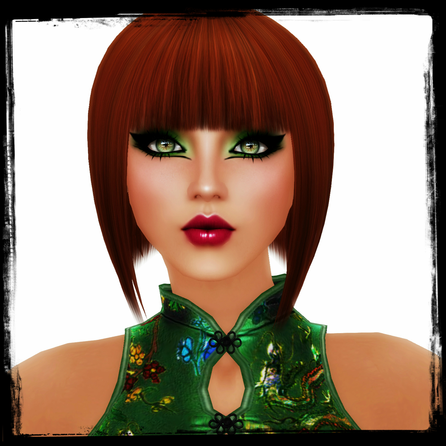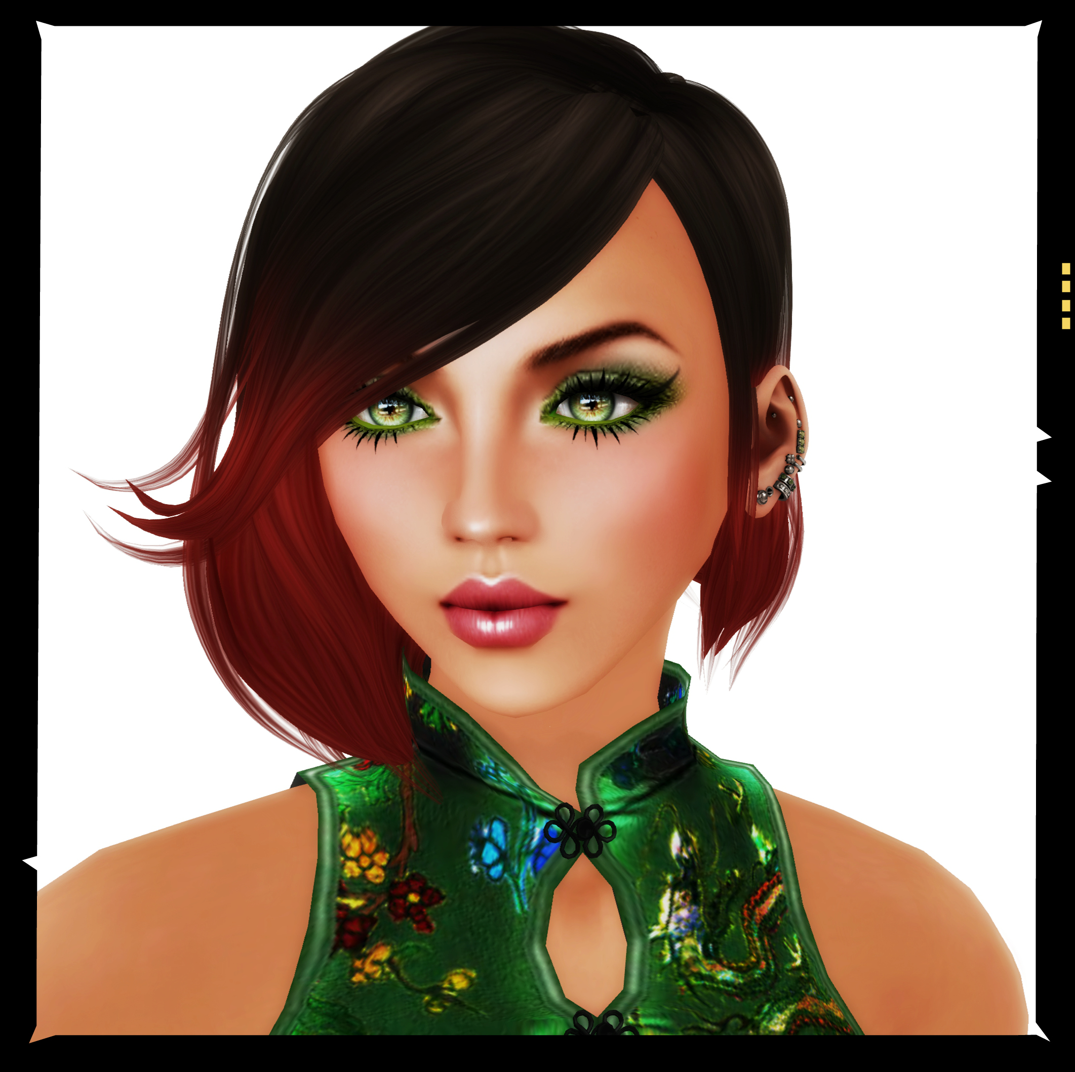 So what can you do with them I hear you cry? Well, for the picture above I wanted to wear a strong eye-make up to compliment the One Bad Pixel Cheongsam that I’m wearing. (Note: this is a complete fib because there isn’t a single bad pixel on this dress, it’s outstanding.)  At the moment I’m completely besotted with Izzie’s Asia skinline.   The skin I’m wearing in this shot is a medium tone from that range with dark brows.  Izzie  Button really is a talented wee minx, and is also incredibly obliging because she already includes excellent eyeliners, lipsticks and eyeshadows as part of her range, but I wanted something that would really stand out from the crowd. Thank goodness for the ability to layer then. I wore my regular skin, with Izzie’s own  green eye-shadow  and raspberry lipstick to which I then added my first purchase from the Cosmetic Fair, the Blacklace Beauty Exotica V.2 shadows and liners. These are an absolute bargain at L$99 for the package, which includes 11 sensational colourways. Once that layer was applied I was close to achieving the look I wanted, and finished by adding prim lashes and stunning Ikon eyes.
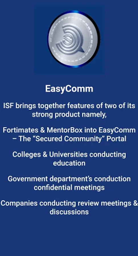 ISF brings together two of its strong products namely, Fortimates & MentorBox into EasyComm - "The Secured community Portal."
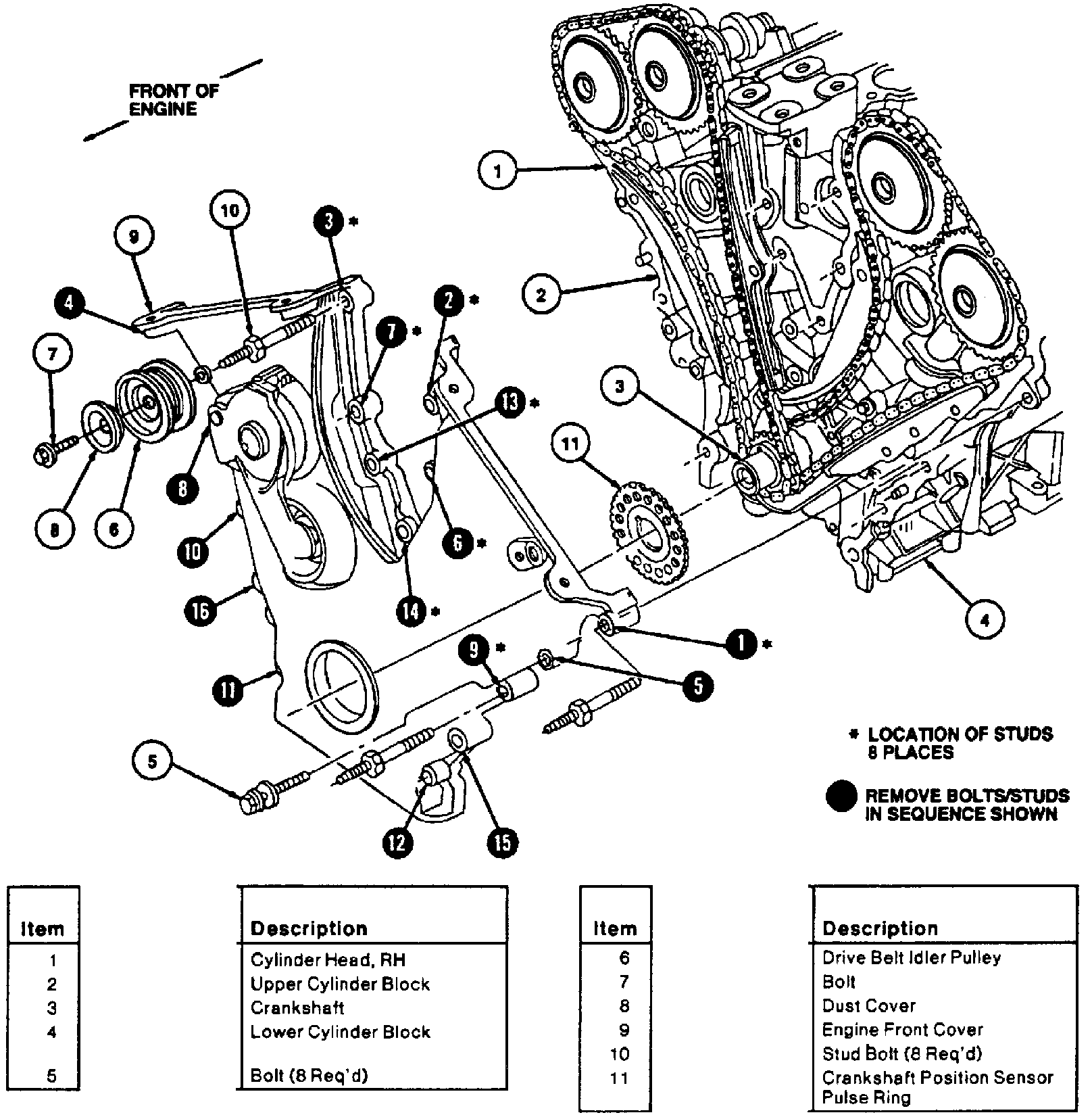 Fig. 22 Front cover bolt & stud bolt installation sequence:
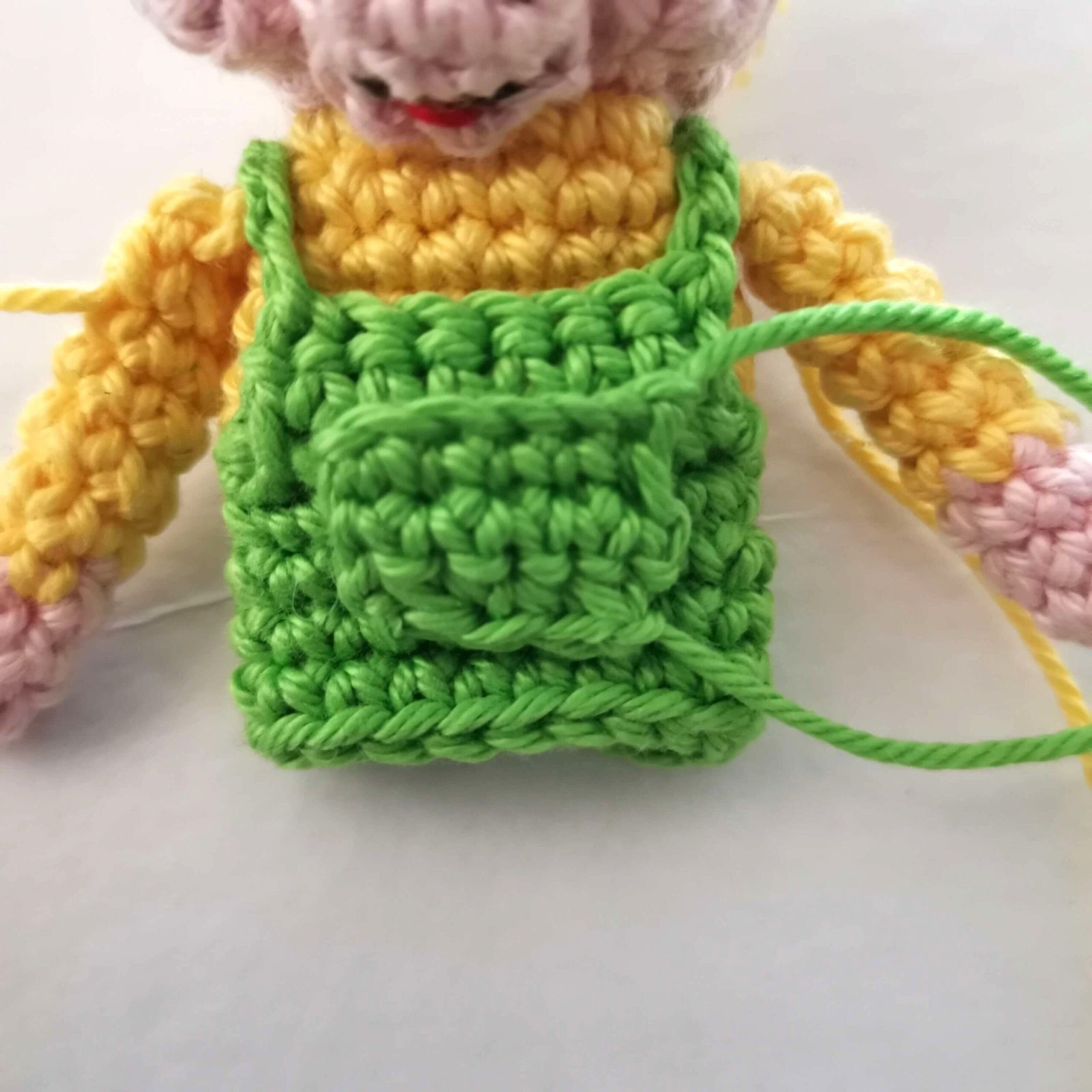 Bib: Attach green yarn to the front of Round 16.
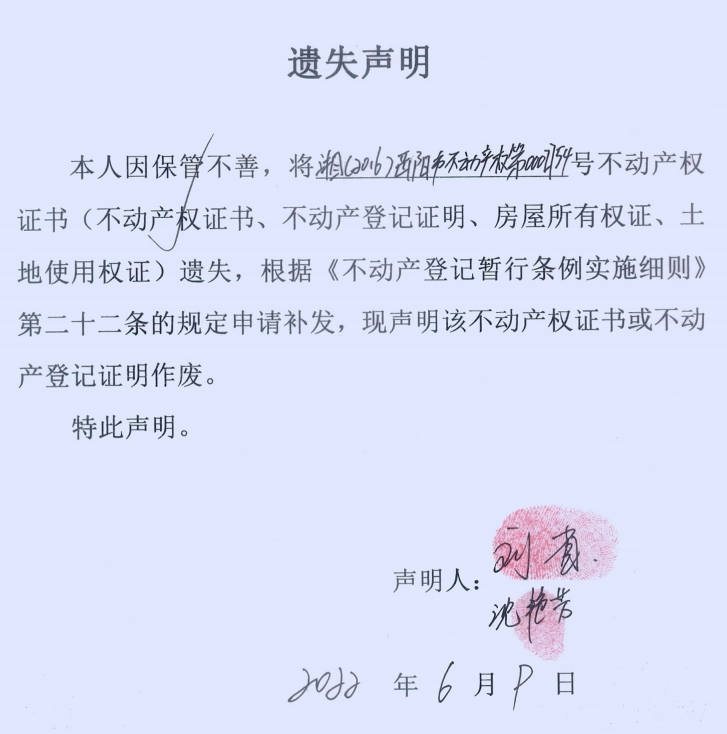 遗失声明(沈艳芳、刘省)
------
[Problem to solve]: Could you print the listing above word for word, without its pictures?

[Answer box]:
 So what can you do with them I hear you cry? Well, for the picture above I wanted to wear a strong eye-make up to compliment the One Bad Pixel Cheongsam that I’m wearing. (Note: this is a complete fib because there isn’t a single bad pixel on this dress, it’s outstanding.)  At the moment I’m completely besotted with Izzie’s Asia skinline.   The skin I’m wearing in this shot is a medium tone from that range with dark brows.  Izzie  Button really is a talented wee minx, and is also incredibly obliging because she already includes excellent eyeliners, lipsticks and eyeshadows as part of her range, but I wanted something that would really stand out from the crowd. Thank goodness for the ability to layer then. I wore my regular skin, with Izzie’s own  green eye-shadow  and raspberry lipstick to which I then added my first purchase from the Cosmetic Fair, the Blacklace Beauty Exotica V.2 shadows and liners. These are an absolute bargain at L$99 for the package, which includes 11 sensational colourways. Once that layer was applied I was close to achieving the look I wanted, and finished by adding prim lashes and stunning Ikon eyes.
 ISF brings together two of its strong products namely, Fortimates & MentorBox into EasyComm - "The Secured community Portal."
 Fig. 22 Front cover bolt & stud bolt installation sequence:
 Bib: Attach green yarn to the front of Round 16.
 遗失声明(沈艳芳、刘省)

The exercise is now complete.